I also use rbac-tool for broader inspection because it makes excessive access easier to compare across namespaces. I ran it from an Ubuntu 22.04 admin workstation, checked output into a restricted evidence folder, and compared weekly snapshots. The tooling did not replace review; it gave my team a repeatable way to ask better questions during change control.
The tool is not the control.
You may also find this useful: Check out our guide on Python Network Config Backup: Automating Multi-Vendor Device Snapshots for more practical tips.
My preferred review questions are direct. Can this service account create pods? Can it read secrets? Can it impersonate another subject? Can it update RBAC resources? Can it write outside its namespace? If the answer is yes, I want the workload owner to explain the business process, not just the YAML. My view is that RBAC review should feel slightly uncomfortable, because excessive access usually survives in places where nobody wants to slow down and ask why.
Build RBAC Review Into CI/CD
Once the cleanup finished, I did not want to depend on another annual audit. We added a CI/CD gate that scans Kubernetes manifests before they reach the cluster. The gate fails any merge request that introduces cluster-admin bindings for service accounts, references wildcard verbs without an approved label, or binds sensitive ClusterRoles outside our platform namespace. The first version was a Python 3.11 script because my team could read and maintain it without adding another control plane dependency.
The gate is intentionally blunt. If a team needs cluster-admin, my team reviews the request and records the exception. That does not block real emergencies because our break-glass process still exists, but it stops quiet permission creep from arriving through normal deployment pipelines. I would rather have one noisy failed build than one silent production privilege expansion.
Friction has a job.
We also made the check visible in pull requests, so application owners see the exact subject, roleRef, and namespace that triggered the failure. That small detail changed the conversation from “security blocked me” to “this binding grants too much.” In my opinion, the best RBAC control is boring, automatic, and close to the code path where the risky permission is created.
Keep Cluster-Admin Rare
I now treat cluster-admin like emergency access, not application access. My team still has production realities: batch jobs fail, vendors send rushed patches, line systems need maintenance windows, and nobody wants a security process that stops manufacturing output. Even so, a service account that runs a scheduled report does not need the Kubernetes equivalent of unrestricted sudo.
The durable answer is not just removing 18 bad bindings.
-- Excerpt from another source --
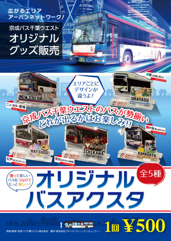 そして、オリジナルのアクリルスタンドのガチャもあります! 京成バス千葉ウエストの色々なバスごとにデザインが違い、連結もできます。 こちらは1回500円で不定期販売となりますので、見かけた際はチャンスです!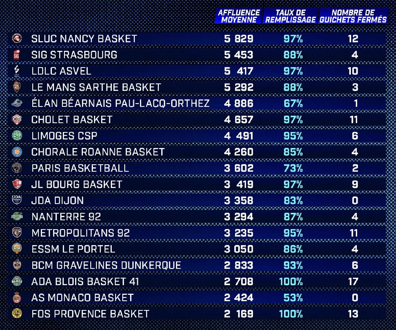 Le club du Sluc Nancy Basket signe le nouveau record d’affluence moyenne pour un club sur une saison dans les championnats LNB avec 5 829 spectateurs par match.

It is changing the default instinct. When a workload needs access, I start with the narrow namespace Role and add verbs only when logs or tests prove they are required. When a platform component needs broader access, I document why the scope cannot be smaller. When someone asks for cluster-admin, I assume the request is incomplete until the reason is precise.
Least privilege is maintenance work.
I do not believe Kubernetes RBAC fails because the model is weak. I believe it fails because busy teams use powerful roles as lubricant, then move on after the deployment turns green. That was my mistake too, and the only fix I trust is a recurring review backed by CI/CD enforcement, audit logs, and a low tolerance for convenience permissions.